Le temps glacial de ces jours appuie les ouvriers dans leur effort de stabilisation, après l'éboulement du chantier du métro M2. Le froid aide à figer le terrain et les matériaux qui s'étaient affaissés sont maintenant stables. Les travaux se poursuivront jour et nuit jusqu'à jeudi, puis normalement pendant deux semaines encore. Pendant ce temps, la quête des explications se poursuit.

Pour comprendre ce qui s'est passé, pour en tirer des enseignements pour la suite du chantier, l'écologiste François Marthaler, chef du Département des infrastructures (DINF), a réuni lundi toutes les parties impliquées. Pour le canton, c'était une manière de reprendre un peu d'initiative sur le «chantier du siècle», laissée à la Ville de Lausanne depuis la votation populaire de l'automne 2002. Aux côtés du canton, de la Ville et de la compagnie Métro Lausanne-Ouchy, le mandataire pour le percement du tunnel de Saint-Laurent était présent. Il s'agit d'un consortium lausannois, réunissant deux bureaux d'ingénieurs conseils et géologues, Piguet et associés ainsi que CSD. Un groupe qui a à son actif le tunnel du Lausanne-Echallens-Bercher (LEB), et qui devra également percer celui du M2 sous la cathédrale. Questions au ministre vaudois des Travaux publics.

Le Temps: Qu'avez-vous appris lors de cette rencontre?

François Marthaler: Nous avons pu poser des questions très claires aux mandataires sur les informations dont ils disposaient depuis l'adjudication de 1998. Le croquis du professeur Weidmann avec le «lac de Saint-Laurent» figurait dans le dossier qui leur a été transmis à l'époque.

– Auraient-ils donc dû effectuer des sondages complémentaires?

– Je ne peux témoigner que de ce que relatent les ingénieurs, à savoir qu'ils n'avaient aucune raison de se méfier. Les sondages effectués à la fin des années 90 avaient montré que le tracé initialement prévu sous la rue Neuve était problématique en raison de la présence d'eau dans ces alluvions glacio-lacustres. Le tracé ayant été changé, ils pensaient dès lors être dans une zone où le risque était vraisemblablement évité. On pensait que la nappe de Saint-Laurent s'échouait quelque part près du Mac Donald's. En réalité, il y a une discontinuité géographique très localisée, sur cinq ou six mètres, que les sondages n'ont pas permis de mettre en évidence.

– Mais la construction du centre commercial Coop, en 1958, avait déjà causé des difficultés…

– Les ingénieurs du consortium nous ont dit ne pas en avoir eu connaissance. Pour retracer l'histoire des chantiers, il existe des archives géologiques suisses, mais les mandataires ne s'y adressent que selon leur bon vouloir.

– De toute manière, les sondages ont été réalisés avant l'adjudication, c'est donc le canton qui en avait la première responsabilité.

– Tout à fait. L'expert neutre qui devra traiter des responsabilités devra reconstituer qui savait quoi à quel moment. S'il avait suffi d'un sondage pour lever un quelconque doute, on l'aurait fait. Or, personne n'a tiré la sonnette d'alarme, y compris parmi ceux qui prétendent aujourd'hui savoir ce qu'il aurait fallu faire!

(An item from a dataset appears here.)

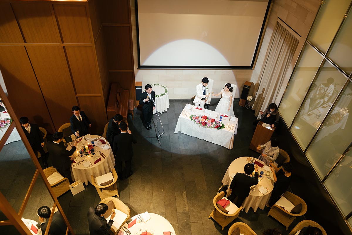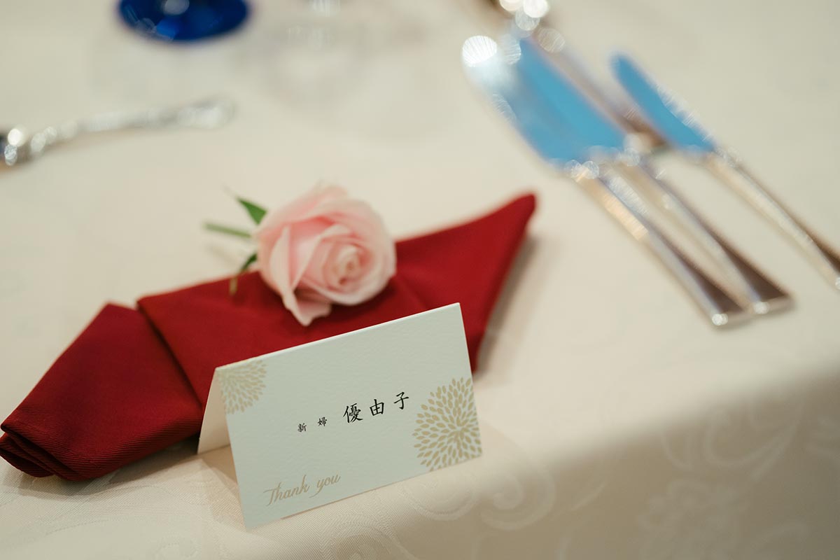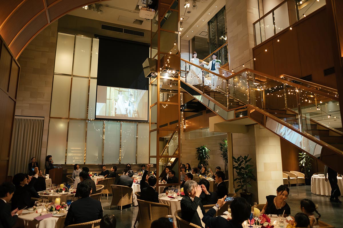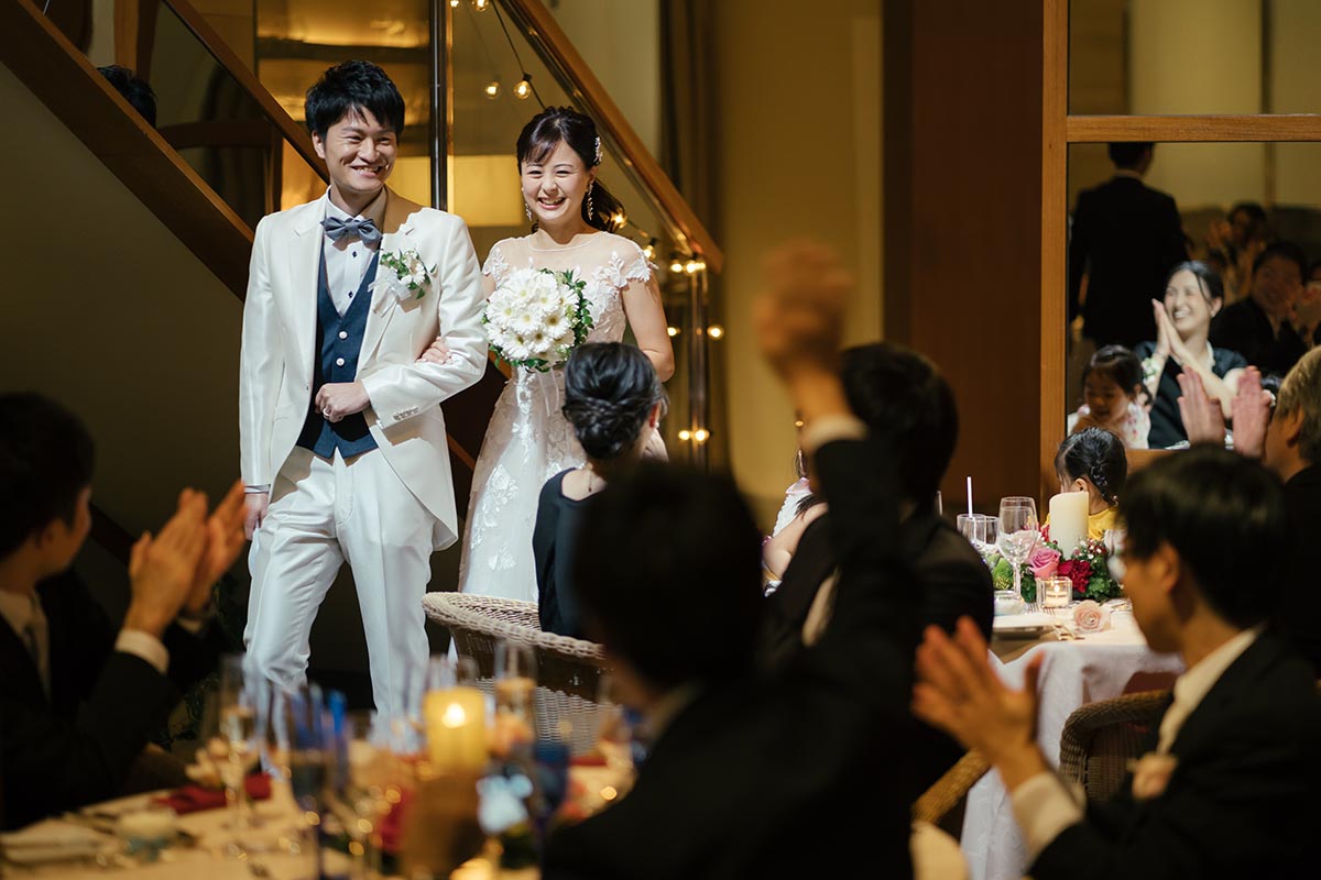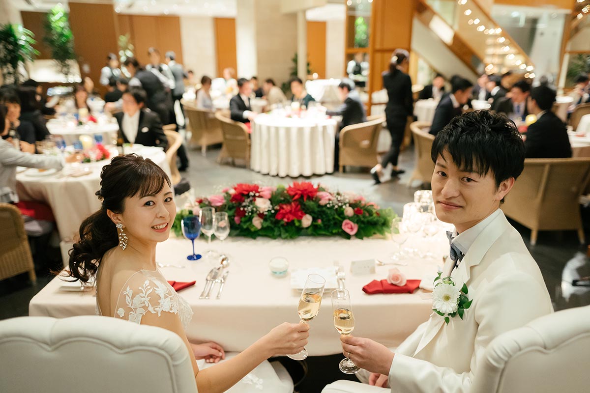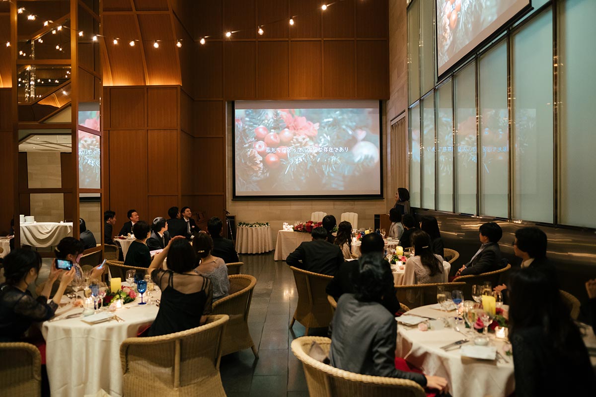 特にこだわったのは、”二人らしさ”です。固い雰囲気はどうも苦手な私たちでしたので、テーマである「感謝を伝える」という点は忘れず、可能な限り楽しく、明るい雰囲気になるような会場の花や、ケーキではなく、ローストビーフをお願い致しました。また、クリスマスが近かったこともあり、色合いもクリスマスを意識した配色にしました。そして、ラリアンス様にはプロのアドバイスを頂きつつも、わがままを受け入れてもらいました!余興はなかったのですが、スモークガラスの演出・階段からの演出・ビュッフェなどを組み合わせることで、盛りだくさんな式にすることができました。

– Que se serait-il passé si le problème avait été détecté à temps?

– On n'aurait pas renoncé au M2 pour autant, ni même cherché un troisième tracé. Le problème était réglable techniquement, par des injections de béton ou par la congélation du sol au fur et à mesure de l'avance.

– Quelle leçon tirer de ce que vous qualifiez de grave incident?

– Il y aura d'autres zones délicates. La zone de la cathédrale est plus problématique au plan technique, mais identifiée comme telle depuis belle lurette. D'importantes études complémentaires ont été lancées en janvier. De manière générale, on va certainement refaire l'inventaire des risques, de leur probabilité d'occurrence et surtout des scénarios de réponse, qu'il y aurait lieu de repréciser pour tous les acteurs. Je ne me contente pas des commentaires de techniciens me disant que tout va bien. La réaction après l'accident de Saint-Laurent a été exemplaire, mais je ne sais pas trop ce qui était planifié et ce qui était improvisé.

– La nomination de l'expert neutre était annoncée vendredi comme imminente. On l'attend toujours…

– C'est une démarche que le canton soutient. Dans une configuration standard, chaque partie prend son conseil et envoie ses gladiateurs les uns contre les autres. Ici, nous avons un seul assureur, la Zurich, qui couvre toutes les parties en présence. Il faut donc que l'expert neutre soit confirmé dans son mandat par tous ces partenaires. Par ailleurs, nous n'avons pas encore le catalogue complet des questions permettant d'établir le cahier des charges. Je pense qu'on se mettra rapidement d'accord maintenant.